Set the whole listing down again, word for word, with no pictures.

# Collected material
────

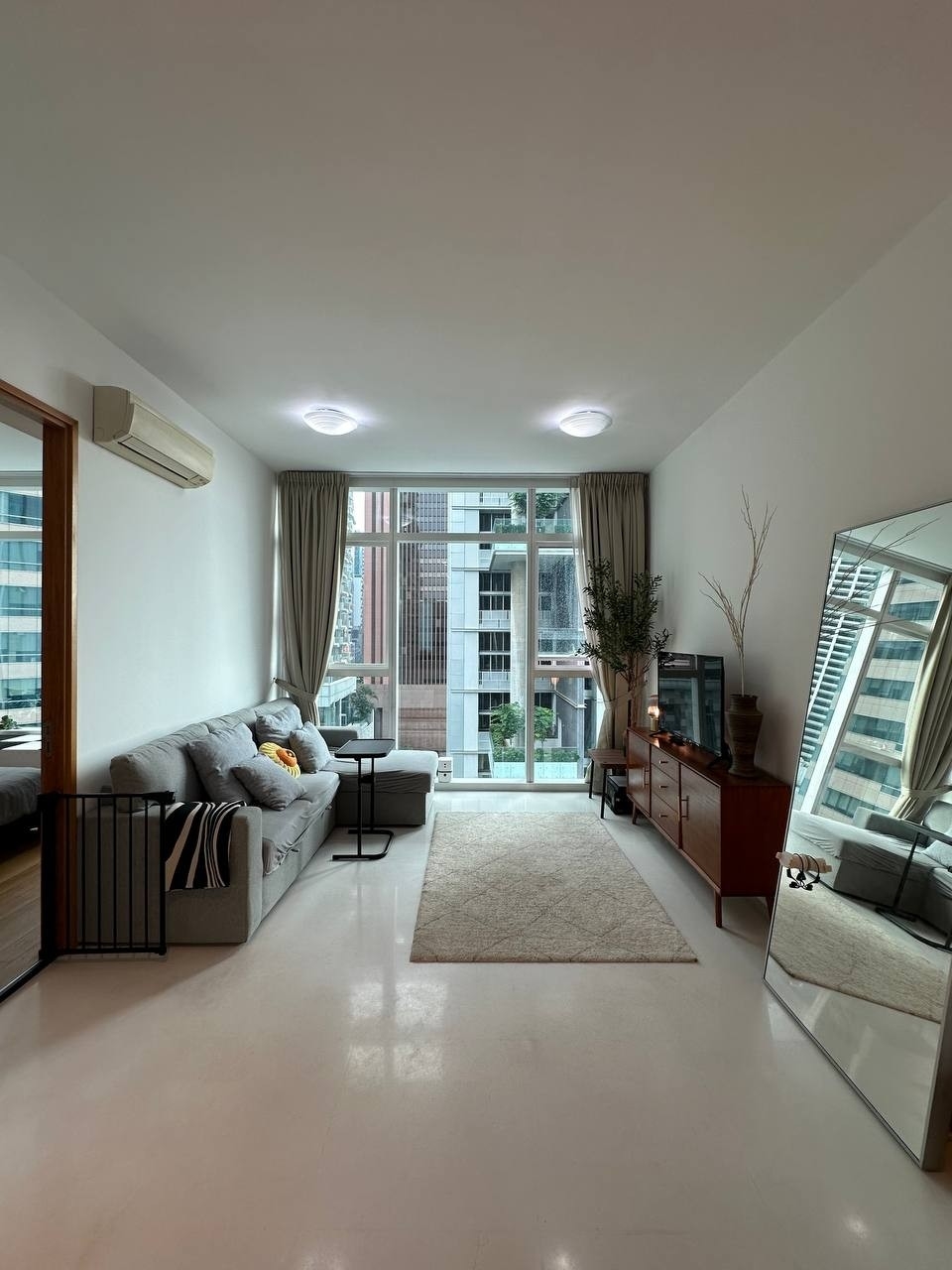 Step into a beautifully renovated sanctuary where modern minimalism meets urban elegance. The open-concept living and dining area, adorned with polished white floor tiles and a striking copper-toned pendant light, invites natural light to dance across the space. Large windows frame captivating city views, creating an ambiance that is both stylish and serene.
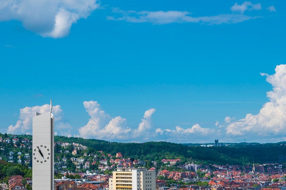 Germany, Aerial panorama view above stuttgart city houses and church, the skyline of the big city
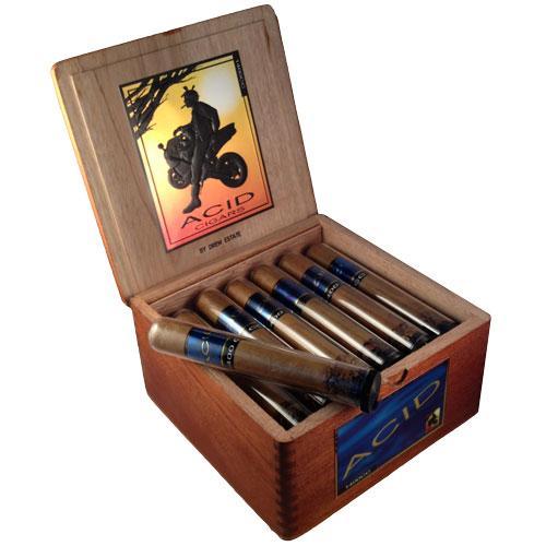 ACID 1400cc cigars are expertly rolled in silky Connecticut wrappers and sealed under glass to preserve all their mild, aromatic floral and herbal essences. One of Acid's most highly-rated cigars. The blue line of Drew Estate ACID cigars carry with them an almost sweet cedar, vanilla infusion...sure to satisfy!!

────

# Your solution
 Step into a beautifully renovated sanctuary where modern minimalism meets urban elegance. The open-concept living and dining area, adorned with polished white floor tiles and a striking copper-toned pendant light, invites natural light to dance across the space. Large windows frame captivating city views, creating an ambiance that is both stylish and serene.
 Germany, Aerial panorama view above stuttgart city houses and church, the skyline of the big city
 ACID 1400cc cigars are expertly rolled in silky Connecticut wrappers and sealed under glass to preserve all their mild, aromatic floral and herbal essences. One of Acid's most highly-rated cigars. The blue line of Drew Estate ACID cigars carry with them an almost sweet cedar, vanilla infusion...sure to satisfy!!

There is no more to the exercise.